Atom yang membentuk bahan feromagnetik memiliki elektron yang tidak berpasangan di dalam atomnya sehingga setiap atom memiliki momen magnetik bersih. Momen magnetik atom terdekat cenderung menjadi sejajar, menciptakan daerah yang berbeda (disebut domain ) dalam materi, di mana momen magnetik akibat atom individu disejajarkan. Namun, domain yang berbeda mungkin masih memiliki momen magnetis yang menunjuk ke arah yang berbeda.

Ketika bahan feromagnetik ditempatkan di dalam medan magnet eksternal, domain yang berbeda di dalam medan magnet semuanya sejajar dengan medan magnet eksternal. Bahkan jika medan magnet luar dihilangkan, material dapat mempertahankan magnetisasinya. Bahan feromagnetik termasuk besi, kobalt, nikel dan paduannya.

Perbedaan Antara Diamagnetisme, Paramagnetisme, dan Feromagnetisme

Momen Magnetik dari Atom Individu

  • Diamagnetisme: Atom individu tidak memiliki momen magnetik bersih.
  • Paramagnetisme: Setiap atom memiliki momen magnetnya sendiri.
  • Feromagnetisme: Setiap atom memiliki momen magnetnya sendiri.

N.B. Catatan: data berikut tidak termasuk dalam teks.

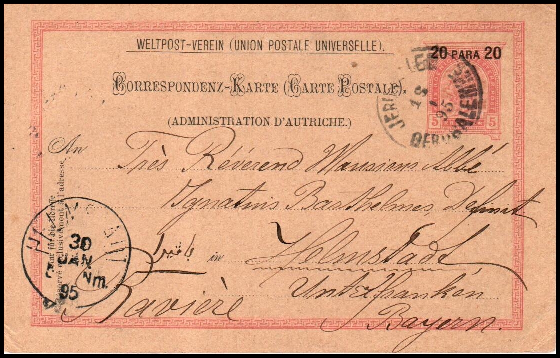 8 Front Cover , verygood   image1895, postcard from Jerusalem - Gerusalem post 18.1.95 to Germany Bavaria, franked by a 20para printed Prepaid, tied by a strong Jerusalem CDS, also bears a Bavaria arrival CDS 30/1/95.Bale: 114.

Perilaku dalam Medan Magnet Eksternal

  • Diamagnetisme: Bahan diamagnetik menyelaraskan medan magnetnya ke arah yang berlawanan dengan medan magnet luar.
  • Paramagnetisme: Bahan paramagnetik menyelaraskan medan magnetnya dalam arah yang sama dengan medan magnet luar.
  • Feromagnetisme: Bahan feromagnetik menyelaraskan medan magnetnya dalam arah yang sama dengan medan magnet luar.

Retensi Magnet

  • Diamagnetisme: Bahan diamagnetik kehilangan magnetisasinya ketika medan magneik eksternal dihilangkan.
  • Paramagnetisme: Bahan paramagnetik kehilangan magnetisasinya ketika medan magneik eksternal dihilangkan.
  • Feromagnetisme: Bahan feromagnetik dapat mempertahankan magnetisasinya bahkan ketika medan magnet luar dihilangkan.